Grim Dawn is an action role-playing game (ARPG), developed and published by Crate Entertainment for Microsoft Windows in February 2016 and released for Xbox One in December 2021. Developed using the Titan Quest engine, it is set in a thematically dark fictional world loosely based on the Victorian era. It has received generally favorable reviews from critics.

Plot
Grim Dawn takes place in Cairn, a setting in which humanity has been brought to near extinction by a trans-dimensional war.

The conflict begins when the humans in the setting begin to contact Aetherial entities from another dimension. Using what was learned from these entities, they open a portal to bring one into their own dimension and learn that the Aetherials could possess humans, and that these humans would retain enhanced abilities after the spirit was removed from the host. The people then released more Aetherials into the world, who themselves opened more portals and would intend to use humanity for their own purposes.

This attracted the attention of another race known as the Cthonians, who declared war to destroy humanity before it could be completely dominated. The war caused enormous numbers of casualties to the human population and damaged the fabric of reality, causing additional horrors to manifest.

The remaining human survivors reside in scattered enclaves, observing the war to learn of their enemies' weaknesses and using powers gained from exposure to the warp to prepare to retaliate at the invaders.

Gameplay

Grim Dawn is an action role-playing game that features fast-paced combat and emphasizes collecting loot, such as armor, potions, weapons, and money. The game's crafting system is similar to the one used in Warcraft III: Reign of Chaos's popular mod Defense of the Ancients. Grim Dawn also builds upon systems from Titan Quest, including improved physics, location-specific damage effects, dismemberment, the addition of factions, and a completely redesigned quest system.

Development
Crate Entertainment announced on July 27 2009, that they had licensed the Titan Quest engine from Iron Lore and announced Grim Dawn development on January 21, 2010. Initially, few details were revealed, with Crate Entertainment stating that Grim Dawn is set in a thematically dark fictional world loosely based on the Victorian era.

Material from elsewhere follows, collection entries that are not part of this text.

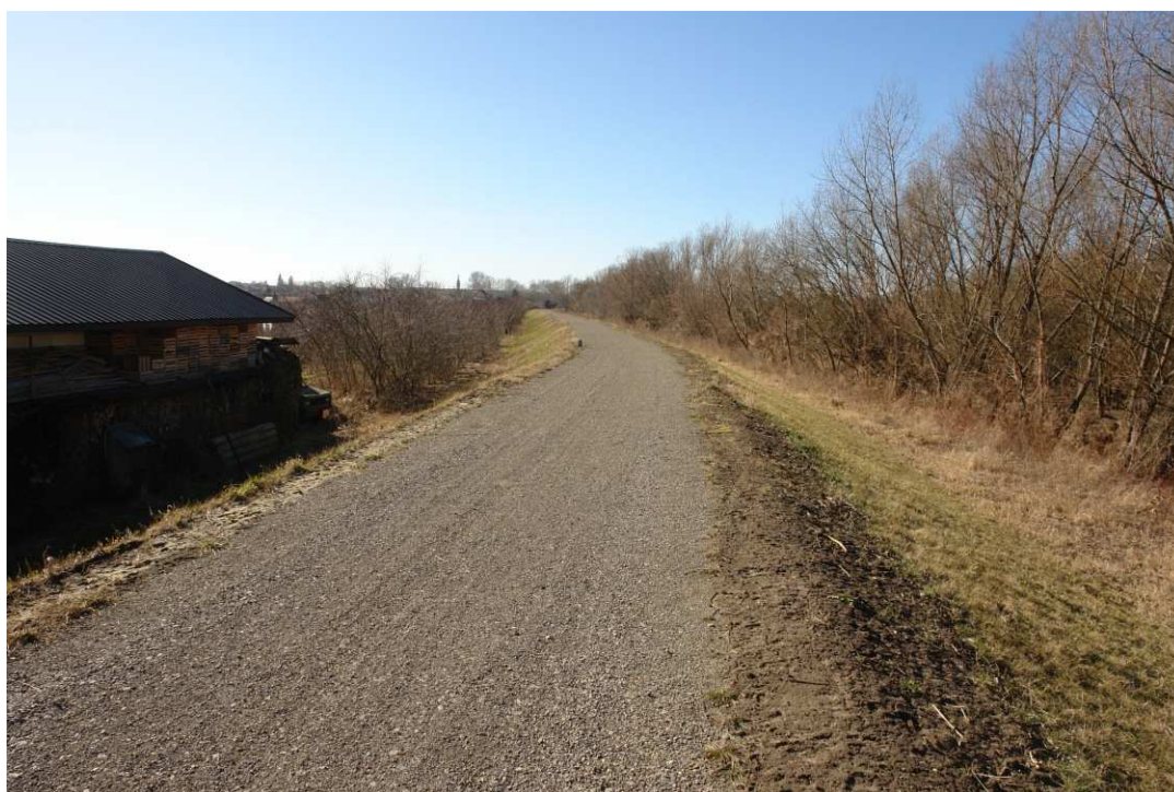
Foto. 55. Stan terenu budowy w ostatnim kwartale okresu realizacji robót na Zadaniu 4 – prawy brzeg Koprzywianki powyżej kładki pieszej w Koprzywnicy, stan w trzeciej dekadzie lutego 2022 r. (widok w górę rzeki).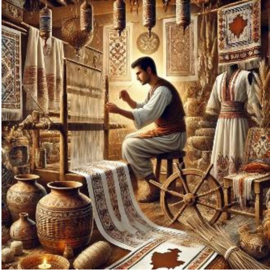
Şekil 18. Geleneksel el dokuma süreci ve ketenden olma ürünler. 35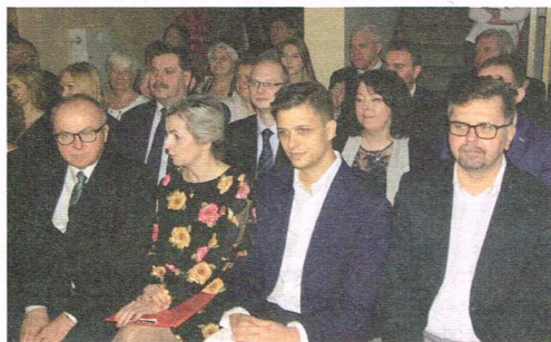
Spotkanie wigilijne w Zespole Szkół Specjalnych (foto ID)

Integralną częścią takich spotkań, organizowanych przez placówki kulturalne i oświatowe, są jasełka przygotowane przez dzieci i młodzież, a następnie składanie życzeń, dzielenie się opłatkiem i kosztowanie wigilijnych potraw.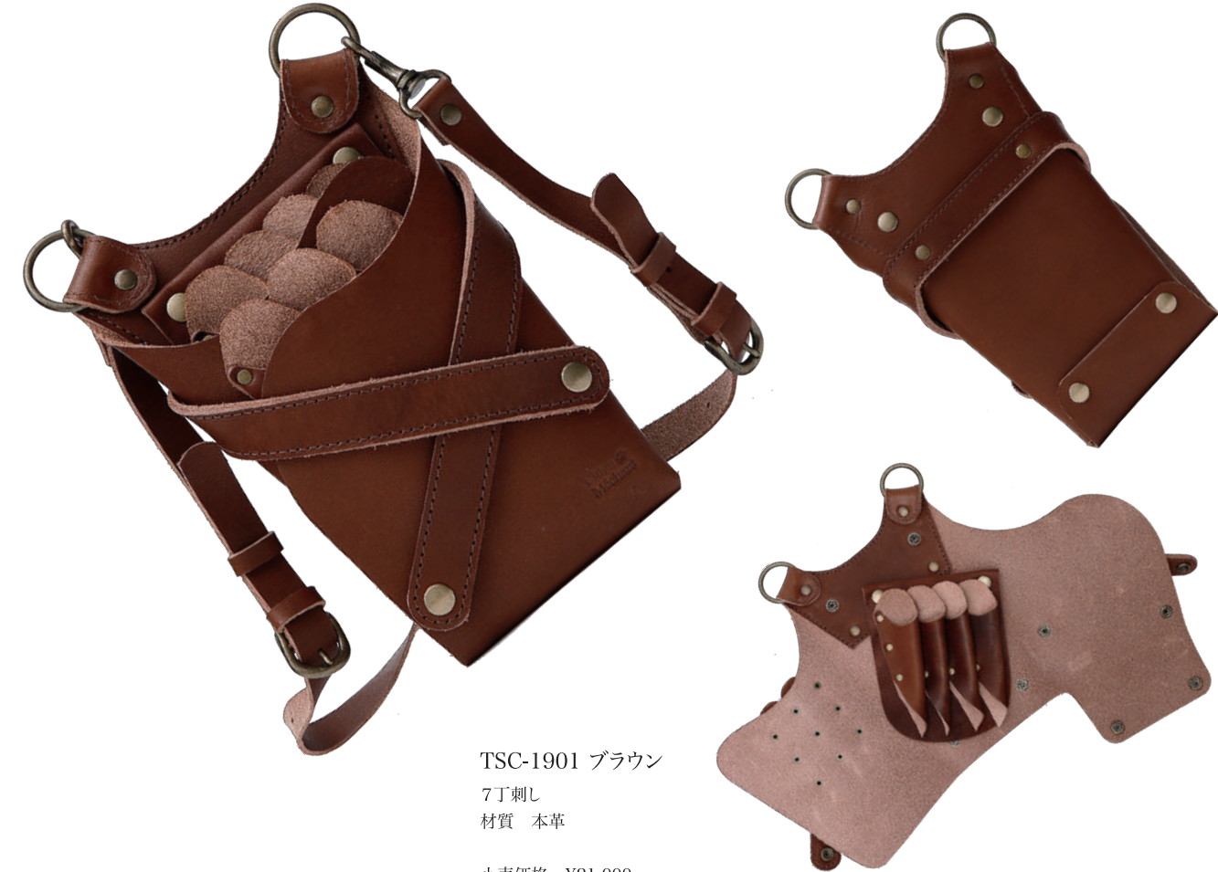
TSC-1901 ブラウン 7丁刺し 材質 本革 小売価格 ¥21,000

●本カタログと実際の商品では、色合いに多少の誤差があります。●表示価格に、消費税は含まれておりません。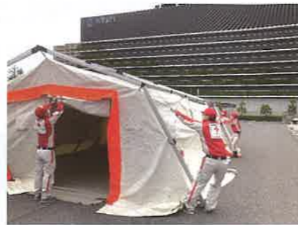
救護所用テント設営研修会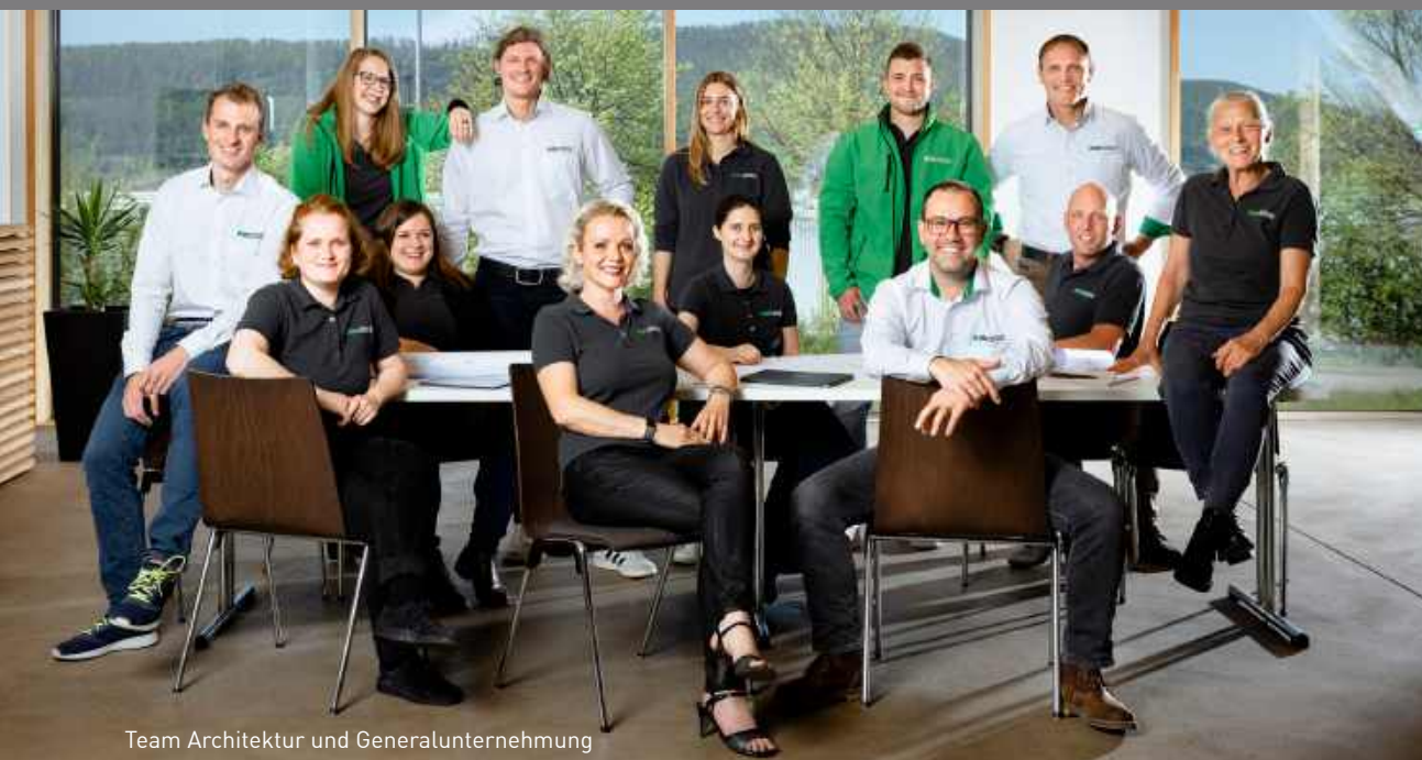
Team Architektur und Generalunternehmung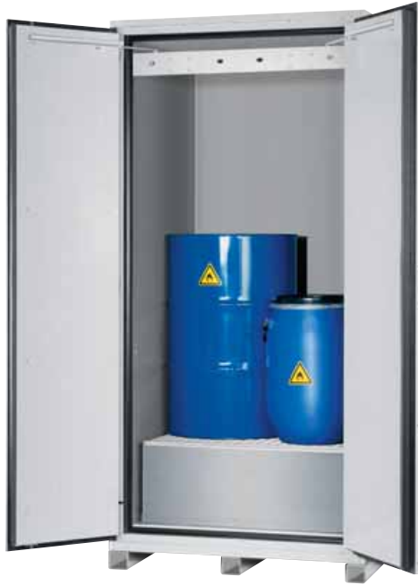
Model VBF.221.108 Breedte van de kast 1105 mm (pag. 62).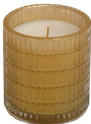
VASO PERFUMADO RELIEVES ORO GOLDEN DIAMOND

Surge de la intensidad de las maderas nobles, suavemente realzado por notas vibrantes de bergamota, incienso y ámbar. Un aroma perfecto para crear un ambiente cálido y acogedor en casa.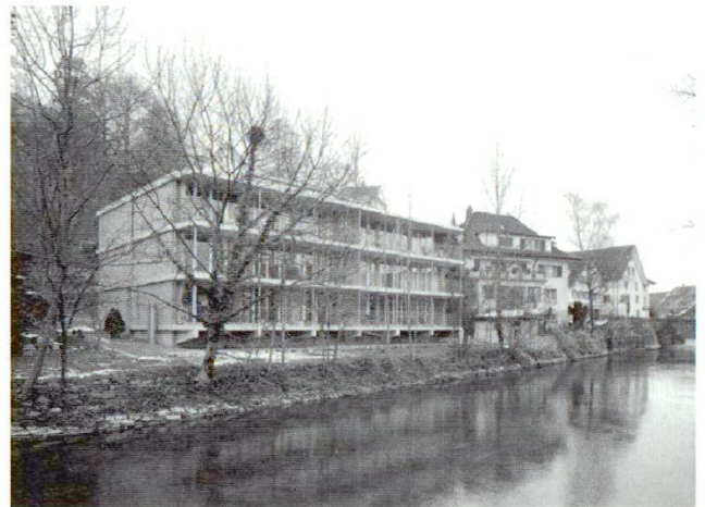
Mehrfamilienhaus Kirchstrasse, Sarnen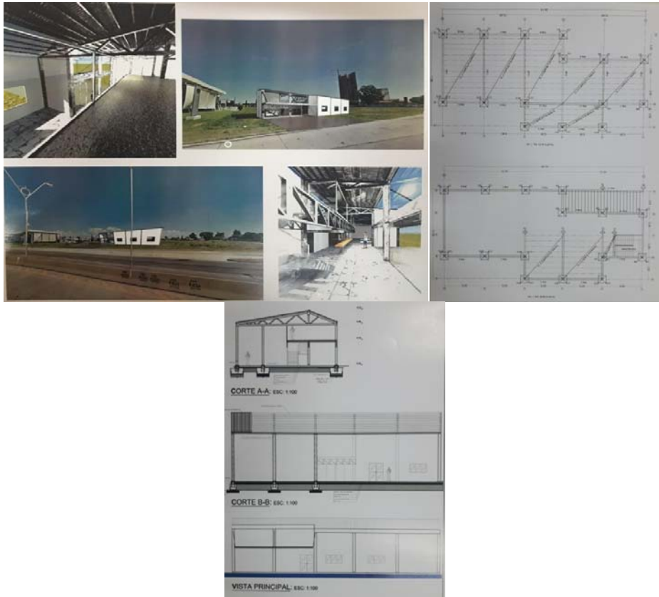
Fig. 8 a 10 – Ejemplos de Trabajos Prácticos n° 2.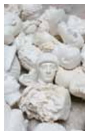
На обложке: Клаудио Пармиджани Без названия 2013—2015

При поддержке Федерального агентства по печати и массовым коммуникациям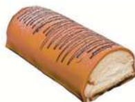
HALLOWEENSTUBBE 4 bitar Artnr: 2806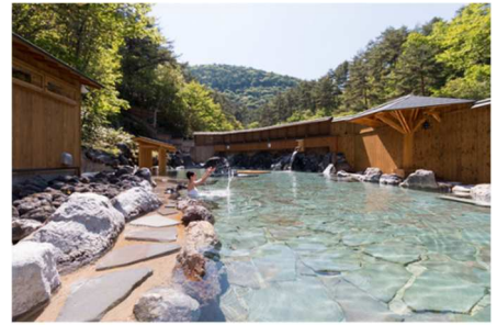
西の河原露天風呂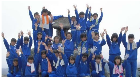
5年 自然体験学習 根子岳頂上で

さて、皆さんもニュースを見て知っていると思いますが、大雨が降って、家を流されたり、亡くなってしまわれたり、家族を失ったり、学校へ行かれない、家に帰れないなど大変な思いしている方々が大勢います。心からお見舞いを申し上げます。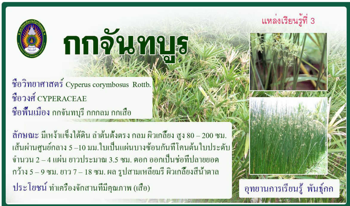
กกจันทบูร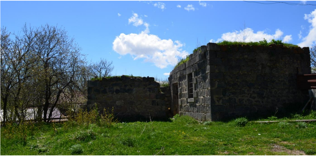
სურ. 2.48 პავლე

კელოშვილის დარბაზოვანი ნაგებობა. 2019 წ.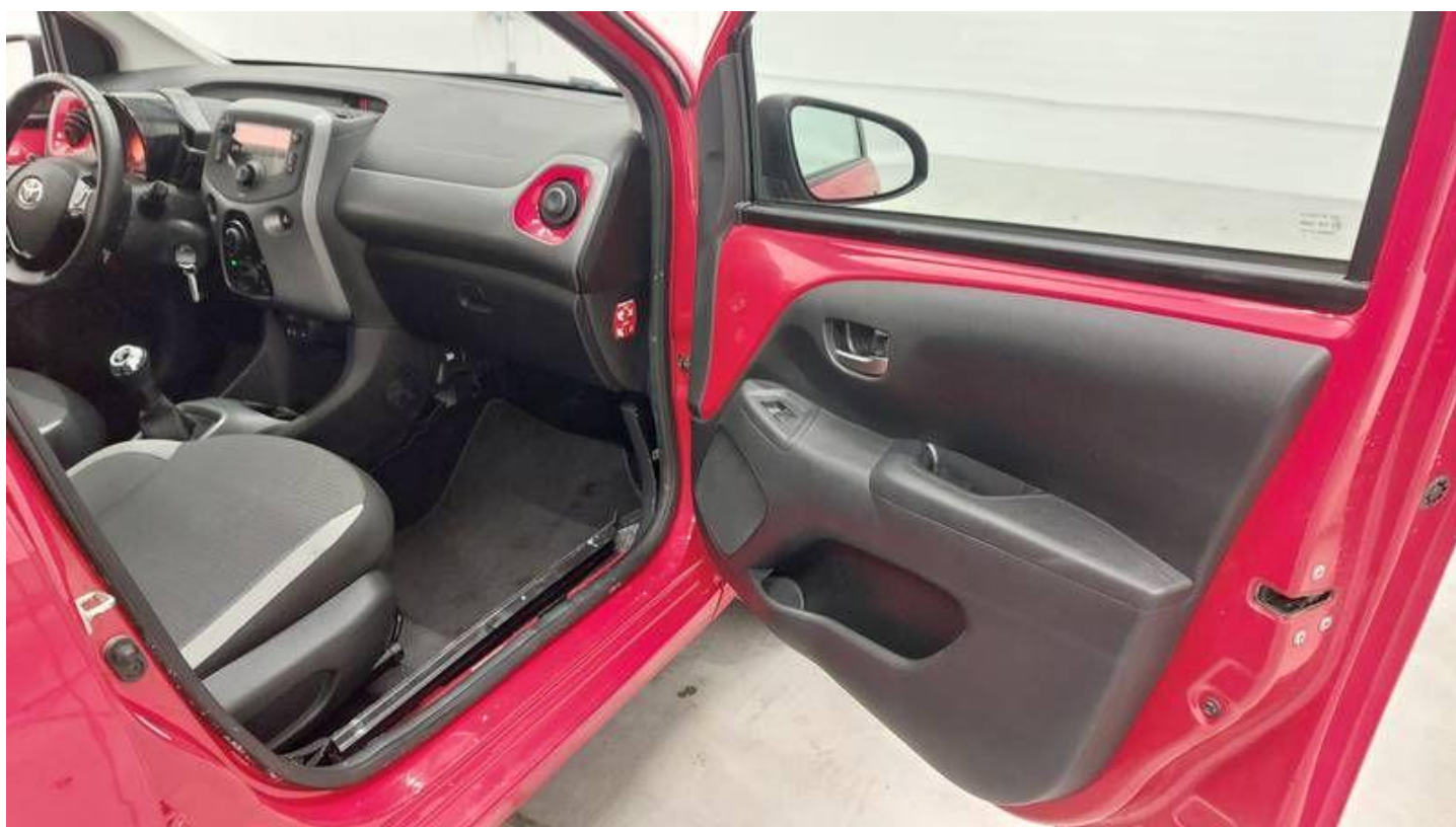
Fot. nr 32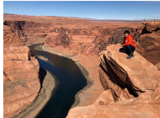
Fig.2 ホースシューベント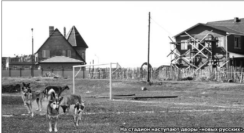
На стадион наступают дворы «новых русских».

Такое письмо прислали в редакцию жители поселка Осеево. Взяв на заметку проблему, о которой они написали, мы отправились туда, чтобы узнать и о других сторонах жизни поселка.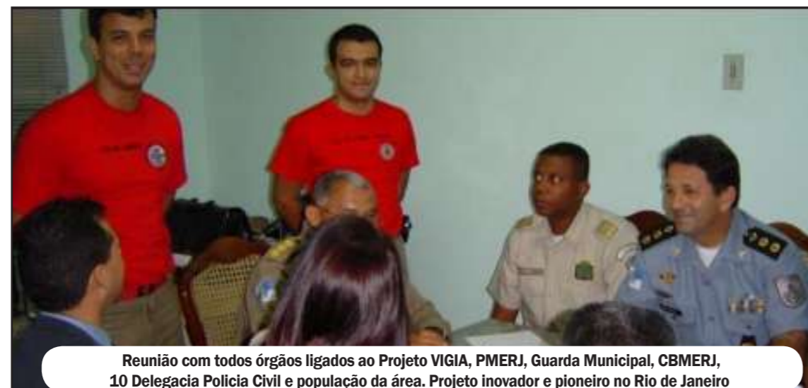
Reunião com todos os órgãos ligados ao Projeto VIGIA, PMERJ, Guarda Municipal, CBMERJ, 10 Delegacia Polícia Civil e população da área. Projeto inovador e pioneiro no Rio de Janeiro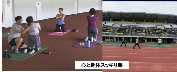
心と身体スッキリ塾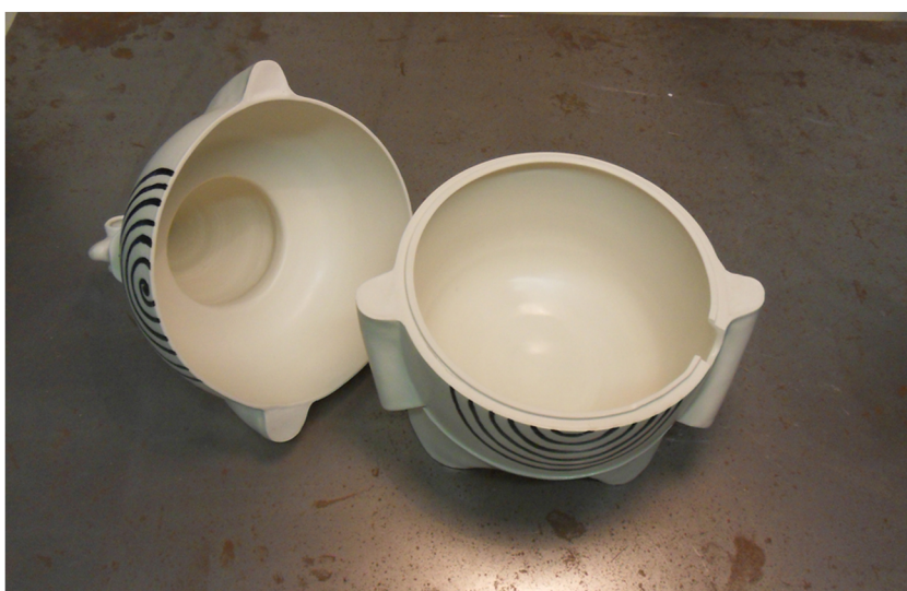
Le Père Ubu, soupière 2011.

Dimensions: H: 32 cm, D: 24 cm, contenance: 2L.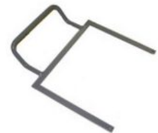
Arco de estabilización Starlight-Nxt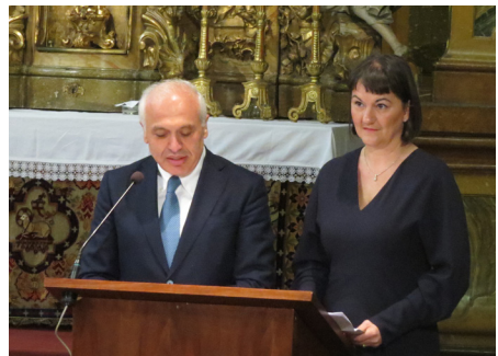
Őexcellenciája Ashot Smbatyan, Örményország nagykövete mondott beszédet a koncert előtt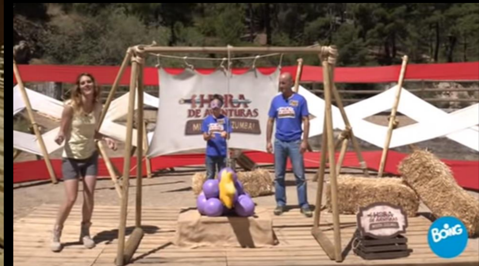
Fig. 03 - Exterior Palafito - Fotograma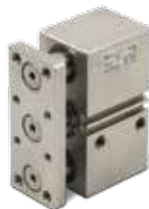
Cilindros especiales en acero inoxidable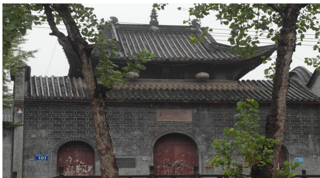
圖 6 川北會館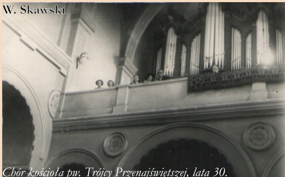
Chór kościoła pw. Trójcy Przenajświętszej, lata 30.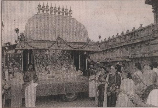
தஞ்சை பெரிய கோயில் முன் அறுபத்தி மூவர் நாயன்மார்களின் சிலைக்கு மாலை அணிவித்து வழிபடும் பொதுமக்கள்.

தஞ்சாவூர் பெரியகோயில் முன் அறுபத்தி மூவர் நாயன்மார்களின் சிலைகளுக்கு மாலை அணிவித்து அபிசேகம் செய்து வழிபட்டனர்.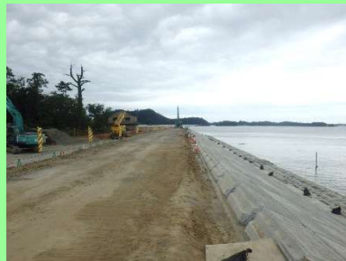
①長石地先海岸災害復旧工事 ②東松島市大塚地内 ③大塚地内で護岸工を施工中 ④69%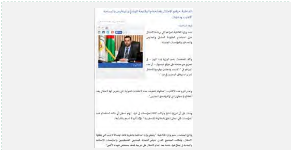
انکار وزارت کشور فلسطینی در خصوص سوء استفاده از موسسات غیرنظامی برای عملیات تروریست (وبسایت وزارت کشور فلسطینی، 22 ژوئیه 2014)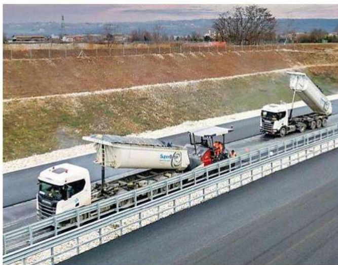
I mezzi di SuperBeton al lavoro lungo la Pedemontana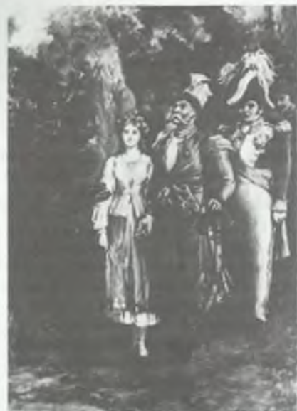
Patrzcie, patrzcie młodzie! Może ostatni, co tak poloneza wodzil!

Polonez przetrwał całe wieki. Uwiecznił go nawet w swym poemacie „Pan Tadeusz” Adam Mickiewicz.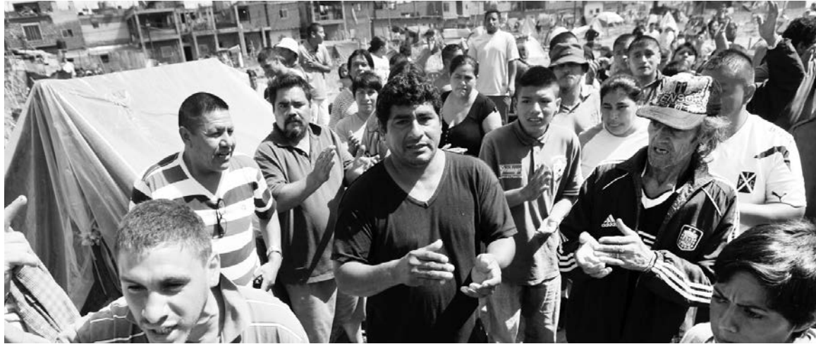
Suspensión del desalojo: una victoria popular.

Mientras se avanzaba en los aprestos del desalojo, el PRO bloqueaba todas las iniciativas legislativas dirigidas a avanzar en el reclamo de que se urbanice la villa y se construyan todas las viviendas necesarias, en un proceso controlado por representantes electos de los vecinos. Esto fue lo que planteó nuestra banca, a través de un proyecto de ley, en la Comisión de Vivienda. La iniciativa fue sistemáticamente bloqueada,

Grim Dawn's development is notable for Crate Entertainment's open appeal to their fans for financial support. In a posting on the game's official website, the developers announced that after a period of increased email activity from fans wishing to donate to Crate to support the project, they had added a pre-order page to the game's official website allowing fans to contribute to the project in an official manner. Fifteen days later in another posting on the game's official website, Crate stated that they had received financial support from the gaming website Gamebanshee and one of the authors of the gaming-related web comic Penny Arcade. Despite this support from their fans and various websites, Crate manager Arthur Bruno stated in an interview with The Escapist that pre-orders made for only a very small percentage of Grim Dawns total budget. In a later interview with the gaming website Big Download, Bruno again confirmed that donations and pre-orders alone were insufficient to fund the project completely. Additionally, Bruno revealed that Crate intended to provide new gameplay content for Grim Dawn through expansions every six to ten months.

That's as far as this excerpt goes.